The Canal Winchester Times

Board's next job: Deciding among 9 ballot issues


The Groveport school district is headed back to the ballot in May, but the board of education has yet to decide which of nine options it will pursue.

The board voted Jan. 9 to send all nine options to the Franklin County Auditor's Office for certification; the final choice will depend on whether the district will seek additional money for operations or to build a new high school, or both.

The list includes four levy proposals ranging in size from 6.18 mills to 8.96 mills; a 0.5-mill permanent improvement levy; a $33.3-million bond issue; and some combinations of options.

The levy proposals are for:

* An operating levy of 6.18 mills, which would cost $18.02 per month, or $216.24 a year, for every $100,000 of home valuation.

* An operating levy of 7.47 mills, which would cost $21.80 per month, or $261.60 a year, for every $100,000 of home valuation.

* An operating levy of 7.96 mills, equivalent to $23.21 per month, or $278.52 a year, per $100,000 of home valuation.

* An operating levy of 8.96 mills, equivalent to $26.12 per month, or $313.44 annually, per $100,000 of home valuation.

District Treasurer Tony Swartz said the smallest request, for 6.18 mills, would generate $4,485,000 for a bare minimum operating levy.

Some of the $2.4 million worth of cuts that were instituted after a $5.5-million emergency levy failed last year could be restored if voters approve a levy in May, Superintendent Bruce Hoover said, but details would depend on how much money the district has to work with.

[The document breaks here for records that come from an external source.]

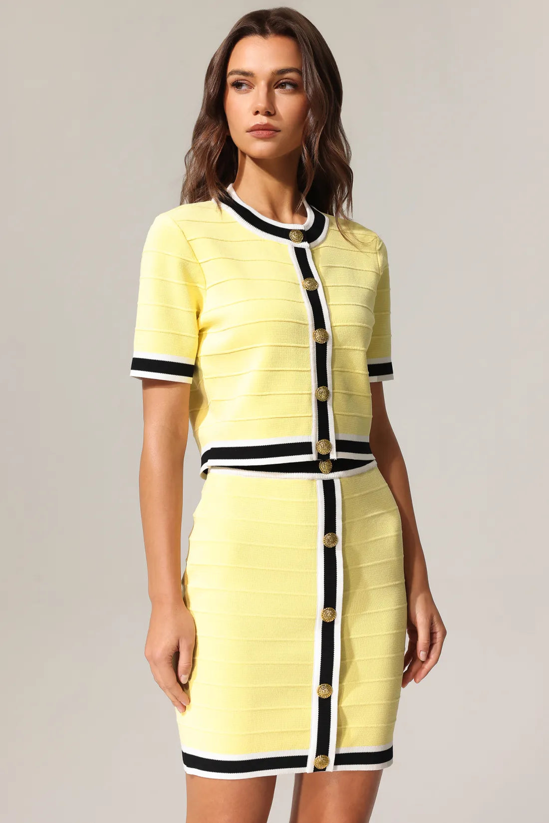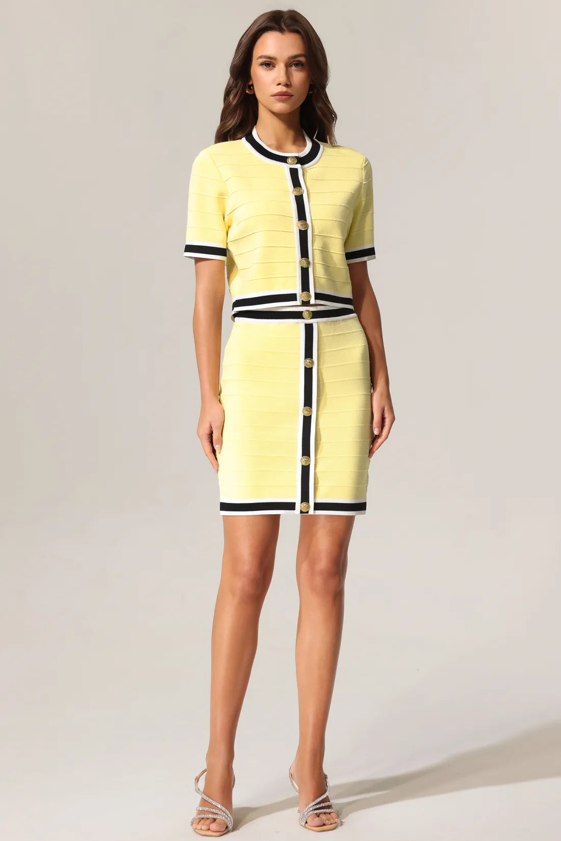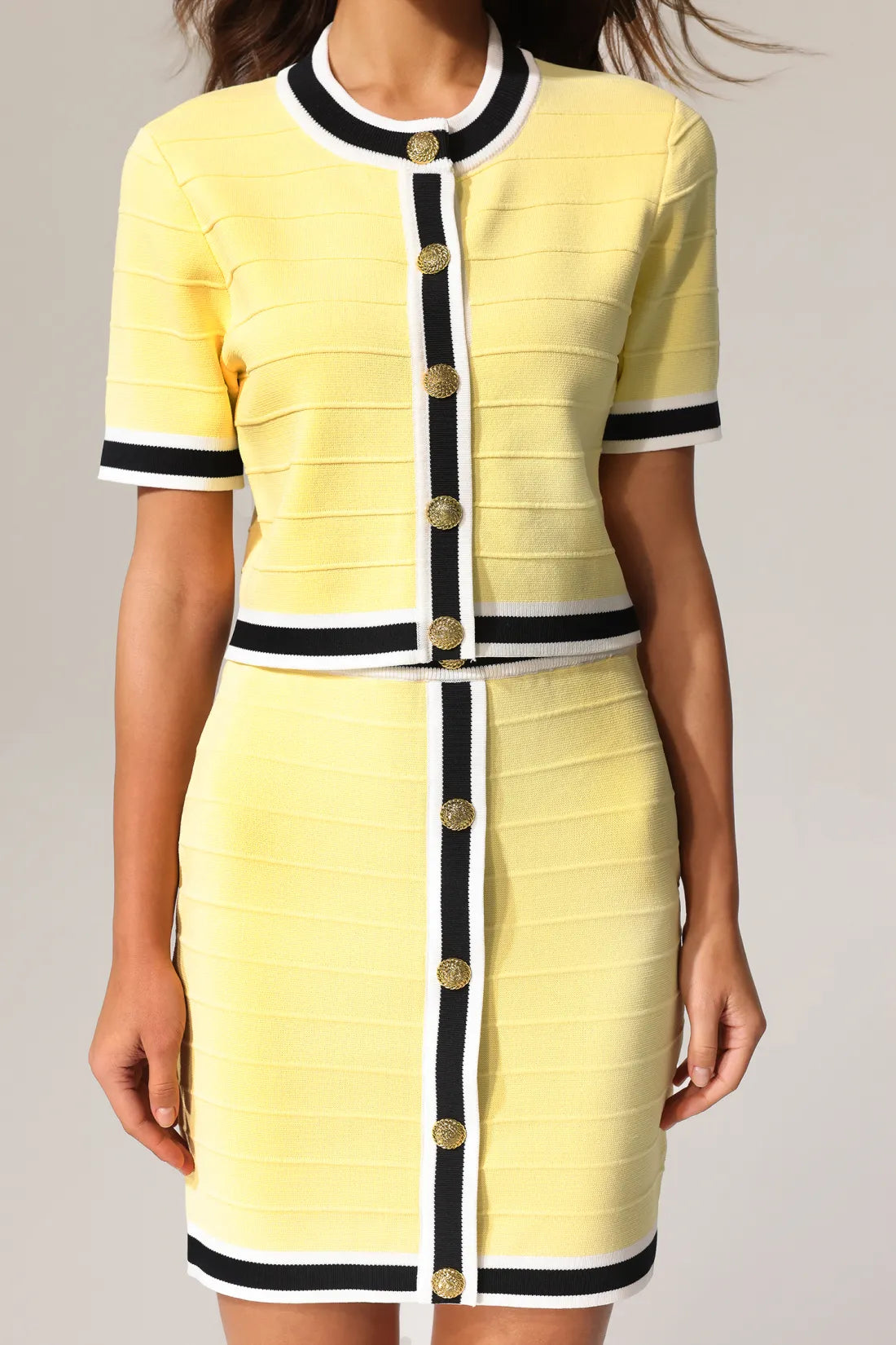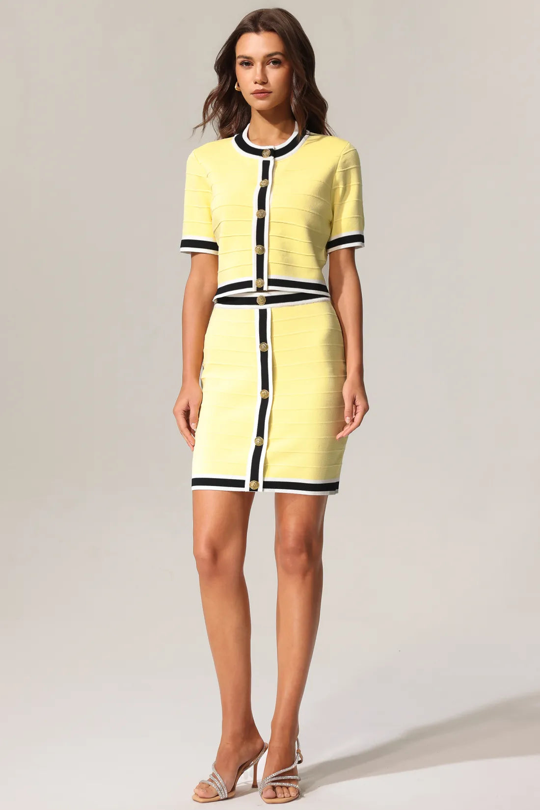 Terela Yuvarlak Yaka Altın Düğmeli Üst Ve Etek İki Parçalı Takım
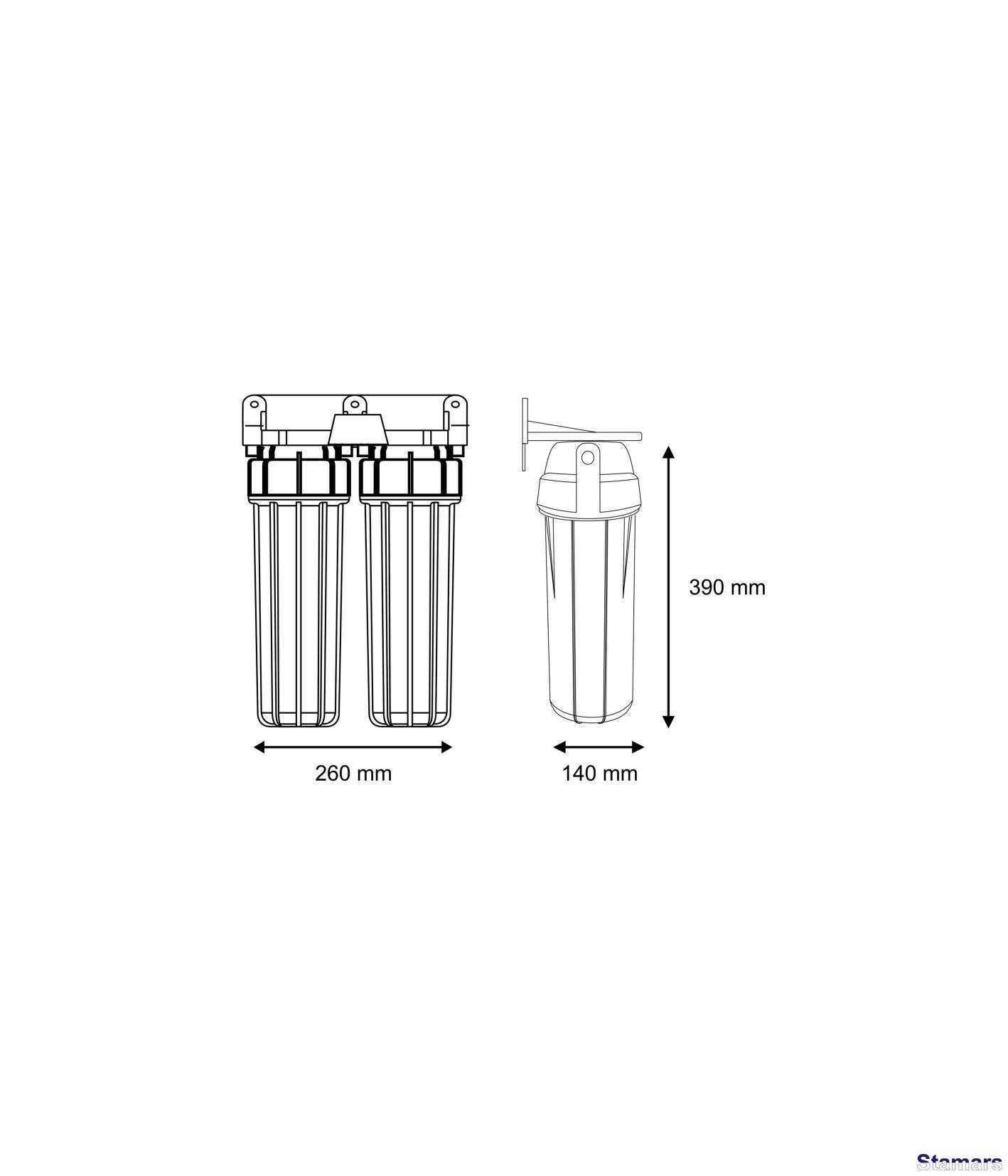 10” divu korpusu filtrācijas sistēmas komplekts: korpusi ar caurspīdīgām kolbām, atgaisotājiem un misiņa vītņu ieliktņiem, kronšteinu, atslēgu un bakteriostatiskiem centralizācijas gredzeniem. Кatrs filtra korpuss tiek aprīkots ar divām gumijas blīvēm galvā un kolbā.
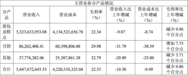 体现在销量层面,2025年,桃李面包的面包及糕点品类销售量同比下滑10.95%;月饼销量下滑了37.04%;其他品类销量下滑了28.12%。
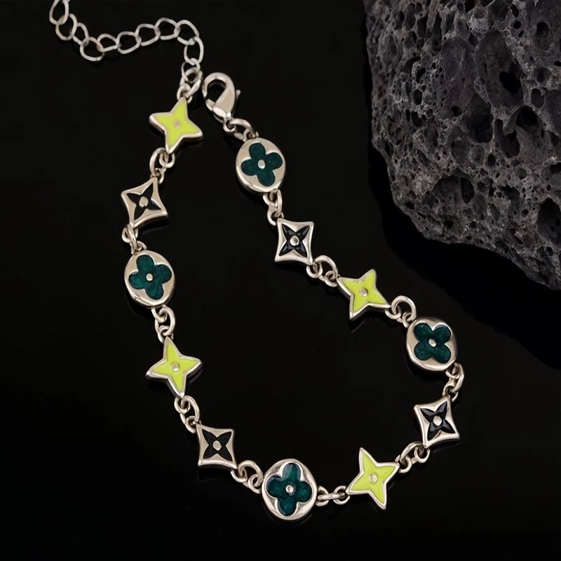 Design: Exquisite necklace adorned with star shaped and clover enamel pendants; Adjust the length by extending the chain (suitable for most regular wrist sizes)
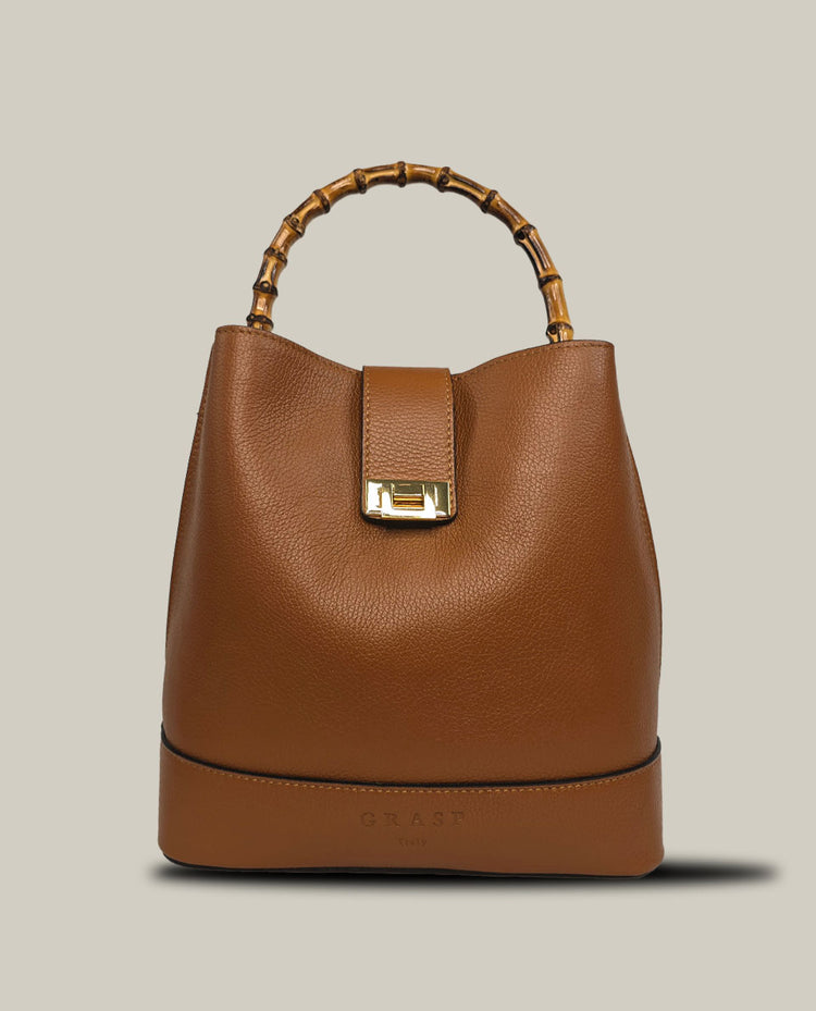 • Can be carried as a handbag using the bamboo handle or paired with an optional gold chain and leather shoulder strap for added versatility.
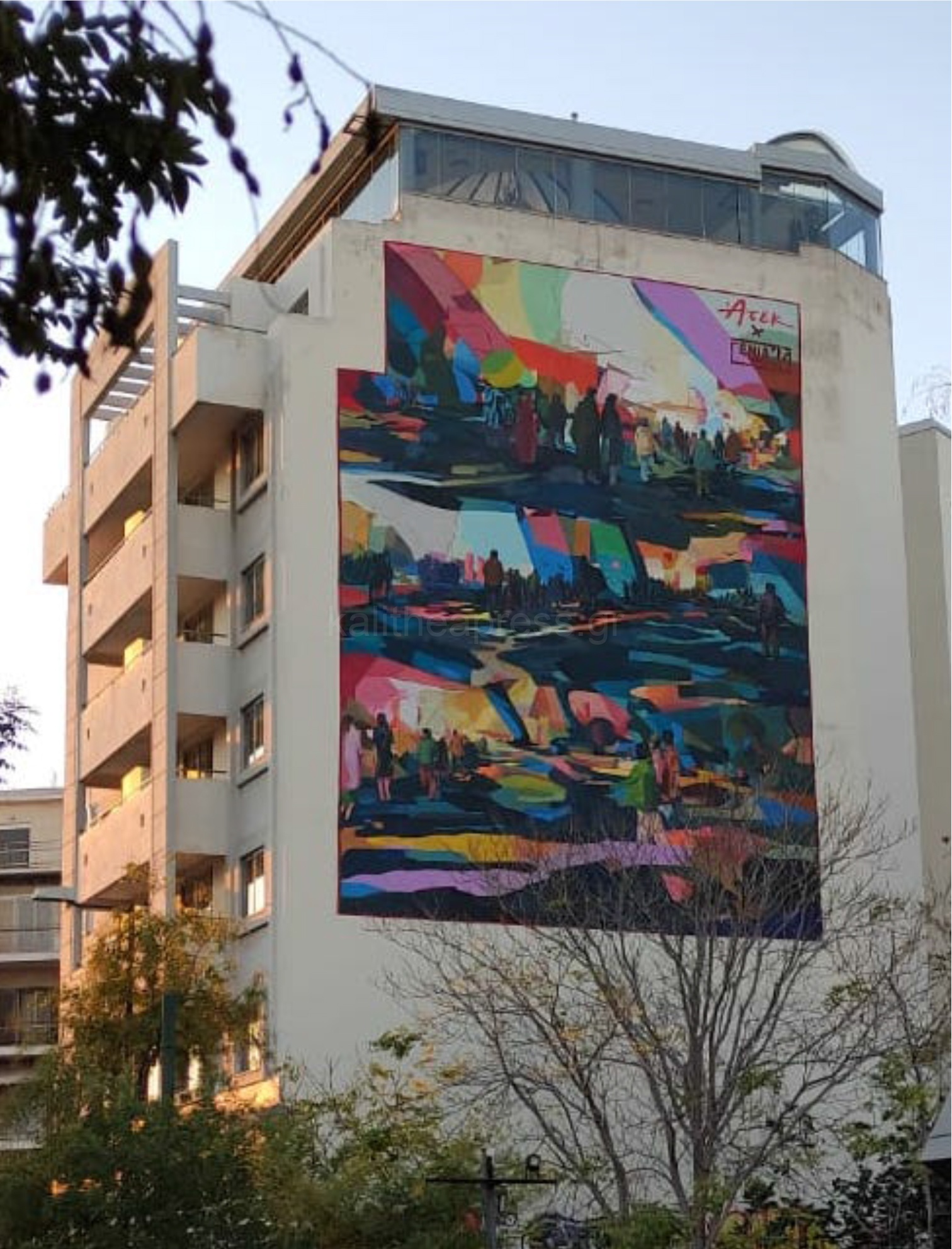 Ένα εντυπωσιακό έργο που δημιούργησε ο street artist Atek (Γιώργος Σκουρλής) και αποτυπώνει έναν από τους 17 Στόχους Βιώσιμης Ανάπτυξης του Οργανισμού Ηνωμένων Εθνών, τις «Βιώσιμες Πόλεις και Κοινότητες» (Στόχος 11). Με έμφαση στους κατοίκους των πόλεων, η τοιχογραφία με τα έντονα χρώματα, που μπορούν να παρατηρήσουν από μακριά όσοι διασχίζουν την οδό Καλλιρόης κάτω από τη γειτονιά της Ακρόπολης, αναδεικνύει τη σύγχρονη ανάγκη δημιουργίας βιώσιμων πόλεων.
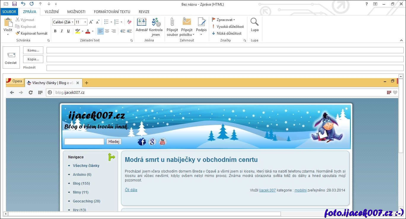 vložení obrázku přímo do emailového klienta outlook
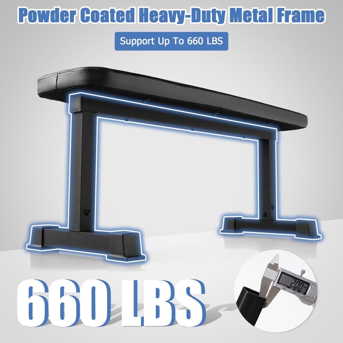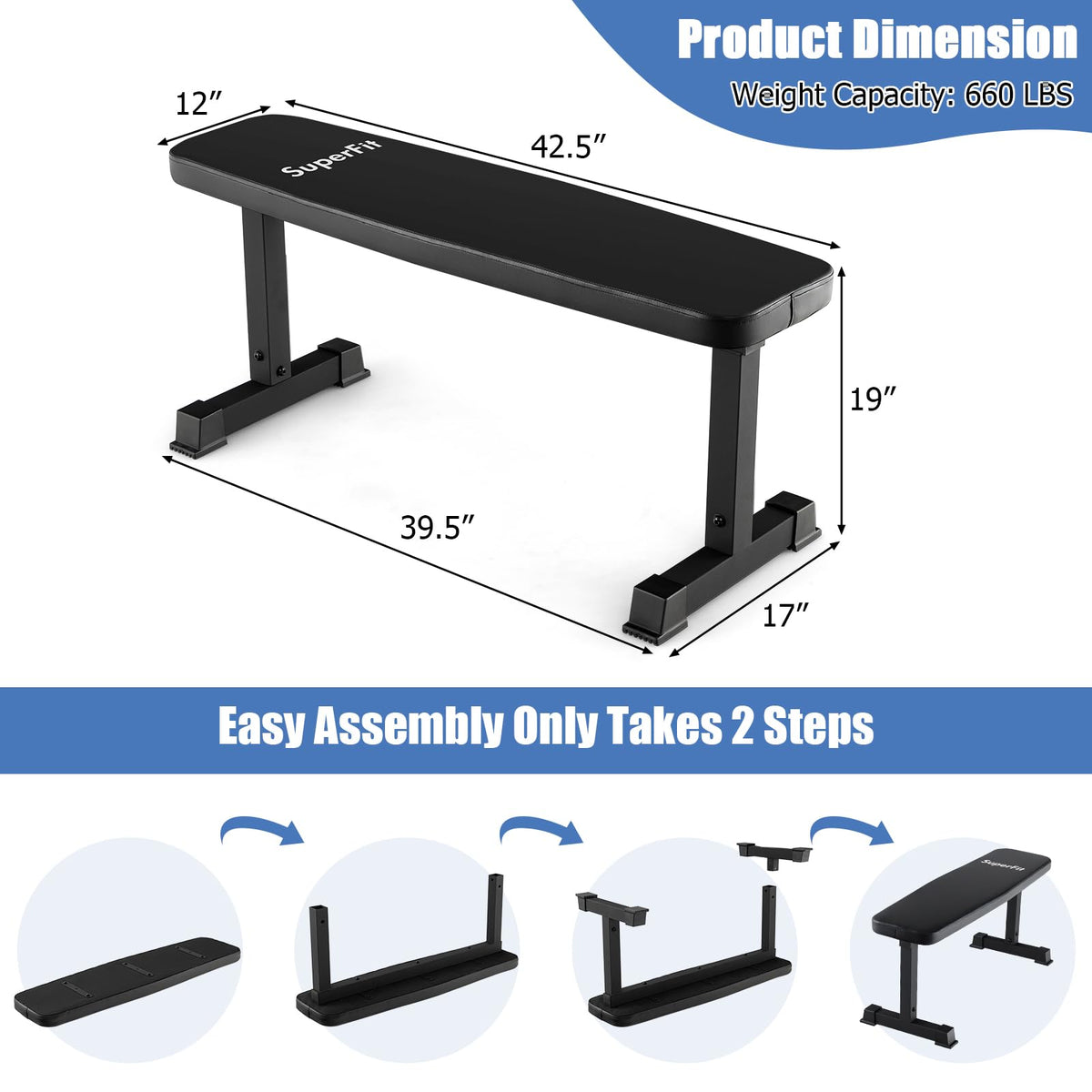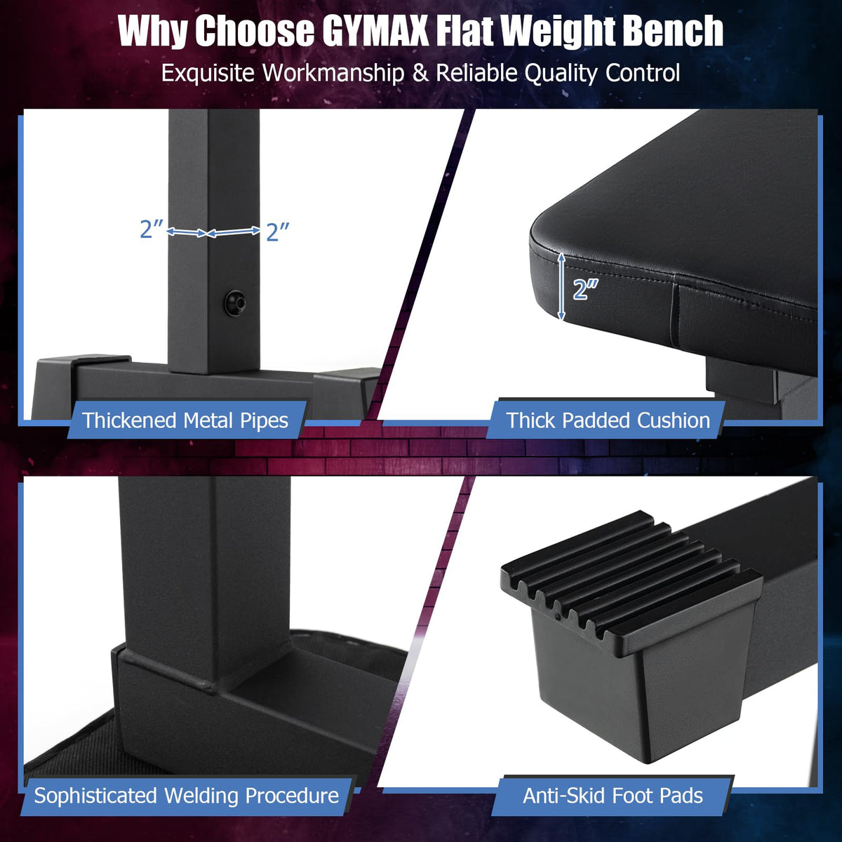 GYMAX Flat Weight Bench, 660lbs Easy Assembly Weight Bench Press with Thick Cushion & Anti-slip Foot Pads

Those cuts included 20 jobs and the loss of busing for high school students. In addition, a reorganization plan was implemented that realigned district middle schools and changed attendance boundaries for elementary schools to make transportation more efficient.

District officials said building a new high school would eliminate the overcrowding that exists at the current facility, where more than 1,400 students are housed in a building designed for 900.

According to a recent facility review by the consulting firm SHP, the high school building alone will continue to cost the district $1 million in maintenance each year for the next 15 to 20 years.

"That $1 million a year that comes out of our operating budget doesn't solve the overcrowding or improve the facility; it just repairs it as-is," Hoover said.

If the board decides to seek the $33.3 million bond issue and 0.5-mill permanent improvement levy -- and if voters approve -- the state of Ohio would provide $29.6 million toward building a new high school.

"If we do the high school project, then that will take care of a lot of the maintenance costs we currently pay out of our operating funds, which allows us to do a smaller operating levy," Swartz said.

"The last levy campaign asked for a 7.3-mill levy for about $5.7 million," he added. "So in terms of different options, if you go with a higher operations levy amount, you'll get to do more of the things you want to do and bring back more of the things from the cut, but without doing the high school project, we're going to continue to have the dark cloud of maintenance hanging over us."

However, Groveport Madison voters have rejected requests to rebuild schools in the past, including a $114-million bond issue in 2010 that would have provided money to overhaul all the schools. Hoover said a recent community survey suggests that most district voters don't see the need to renovate or rebuild the high school, and that will make the ballot issue a hard sell.

"Many of the voters thought the buildings didn't need any, or only needed minor repairs, so a large part -- about 72 percent of our voters -- need reconnected to the schools and we have to do a better job of that," he said.

High school Principal Aric Thomas said he's dealt with the same series of pipes breaking over the past eight years. He said securing the school facilities also represents a significant challenge.

"It's hard watching as the same main water pipe keeps getting patched over and over and buckets of water get dumped, day by day, over eight years of this," Thomas said.

"We have 27 entrances and exits in the main building, not including the 14 outbuildings that we have to open and close before and after each period. I invite people in to get the grand tour."

The school board has until Feb. 5 to choose what to put on the May ballot. A work session is scheduled for 7 p.m. Jan. 22.

Columbus Dispatch reporter Charlie Boss contributed to this story.